# High bar squat technique



## Matt Beasley (Feb 2, 2010)

Really need some help getting this sorted. I've got bar placement down, but the actual movement itself feels a bit odd, switching over from low bar squats and all. My instinct is always to push my hips back and sit back rather than down, but I know I need to stay more upright and the keep the bar in line with the middle of my foot.

I know to keep my back more upright, I know that a narrower stance and a deeper squat is better to use, but it's just actual movement itself that I'm not yet confident with. Anyone got any cues or method they've learnt/ think of that helps them do a good high bar squat? Cheers


----------



## 1Tonne (Jun 6, 2010)

I've learnt no matter what you read and watch, everyone does things differently. If you are strong and comfortable then chances are your going to get it done. I don't do narrow stance cos it doesn't feel right. Get much deeper with feet slightly wider. Everyone is different mate. If you got a technique that suits you and is safe then stick at it.


----------



## Syko (May 18, 2010)

High bar and low bar?

Whats the diffrence apart from bar placement?


----------



## Matt Beasley (Feb 2, 2010)

Good advice 1Tonne, just trying to make sure I do it properly. It involves the knees travelling forward a lot more, but I don't wanna end up injuring them thinking it's part of the form, and just need some advice on adjusting.

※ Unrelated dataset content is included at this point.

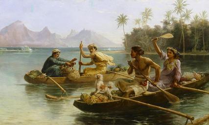 | Keywords: Nicholas Chevalier, Race to the market, Tahiti, 1880, oil on canvas.jpg  en Nicholas Chevalier Race to the market Tahiti 1880 oil on canvas 102 x 169 cm Art Gallery of New South Wales Sydney http //www bonhams com/auctions/19375/lot/32/ 1880 Creator Nicholas Chevalier PD-old-100 DEFAULTSORT Chevalier Nicholas Nicholas Chevalier People of Tahiti History of Tahiti 19th-century oil on canvas paintings 1880 paintings from Russia Outrigger canoes of Polynesia 19th-century paintings of dogs Tahiti in art Oil paintings of dogs 19th-century paintings location missing Images from Bonhams |

Syko- since the bar is placed differently the back angle changes as well, as you need to keep the bar more or less above the centre of your foot throughout the squat for balance and safety. That's why low bar squats have you leaning forward in the bottom of the hole (bar lower on back, leaning forward shortens the distance from the centre of foot) and the high bar squats have your back more upright, to prevent the weight from throwing you off balance.


----------



## Syko (May 18, 2010)

Now i understand, thanks for that 

I always place the bar where it is in my avatar

If i have it any further up its uncomftable and i end up with marks across my back / shoulders


----------



## BLUTOS (Mar 5, 2005)

Have a butchers at this, might help?


----------



## Matt Beasley (Feb 2, 2010)

Thanks for that vid Blutos, huge help. Looks like it IS a case of breaking at the knees first, but not focusing on jamming them as far forward as I can. Thanks again mate.


----------